UPDATED 09:00 EDT / MARCH 22 2023

SECURITY

Google Cloud rolls out advanced network DDoS attack protection with Cloud Armor

Google Cloud is expanding the capabilities of its Cloud Armor networking defense service to protect customers in gaming, telecommunications and other industries that run workloads behind external network load balancers or virtual machines with public IP addresses or use protocol forwarding.

Until now, these customers lacked a Google Cloud-native defensive capability to protect those workloads, meaning they were at high risk of distributed denial-of-service and other attacks.

To remedy that, Google Cloud today introduced Cloud Armor Advanced Network DDoS Protection, providing customers with always-on attack detection and mitigation for such workloads. The new service will help to defend customers from some of the most common volumetric DDoS and protocol DDoS attacks, such as so-called SYN flood, UDP flood, DNS reflection and NTP amplification attacks.

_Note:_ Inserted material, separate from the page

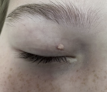 - Папиллома расположена на лице,шее, в зоне века
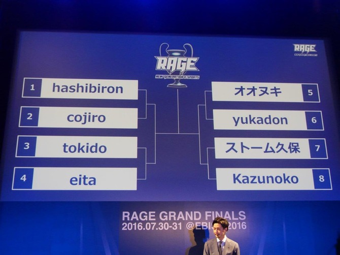 その後は、『ストリートファイターV』のトーナメント組み合わせ抽選に。抽選の結果、下記の通りのトーナメント表になりました。

In a blog post announcing the update, Google Cloud Product Manager Lihi Shadmi explains how Cloud Armor Advanced Network DDoS Protection runs behind the scenes, at the edge of Google’s network, where it passively monitors two kinds of signals. The first pertains to the customer’s workload’s health, while the second analyzes incoming traffic. Whenever Cloud Armor detects early signs of workload distress or a sudden change in traffic patterns compared to the usual baseline, it will alert customers that an attack is taking place. It’s an always-on monitoring mechanism with a low false-positive attack detection rate that doesn’t add latency to traffic flows, Shadmi said.

Once an attack has been detected, Cloud Armor analyzes the traffic to determine the attack signature, based on its curated signature database. Using this information, it can then deploy the most appropriate mitigation at the edge of the network.

“Cloud Armor stops the incoming attack before it reaches the customer’s workloads while allowing legitimate traffic to pass through,” Shadmi wrote. “The mitigations are in effect only during an attack. Once Cloud Armor identifies the attack has ended, it will disable the mitigations. The whole process, from detection to mitigation, takes mere seconds.”

The service will keep a record of past and ongoing DDoS attacks that customers can access at any time. During an attack, it will generate three types of event logs — the detection and start of mitigation, updates about the status of the attack every five minutes for as long as it remains active, and then the conclusion of the attack and the end of mitigation. Customers will also be able to see information such as the attack classification and traffic volumes.

Google said customers can apply Cloud Armor Advanced Network DDoS Protection by enrolling in Cloud Armor’s Managed Protection Plus program. They’ll need to configure the service to provide protection on a per-region basis, for all Google Cloud regions they’re using.

Cloud Armor’s Managed Protection Plus subscription requires a one-year commitment, but Shadmi said customers can access flexible cancellation terms for the first 30 days in order to try Advanced Network DDoS Protection or any other premium feature they’re interested in.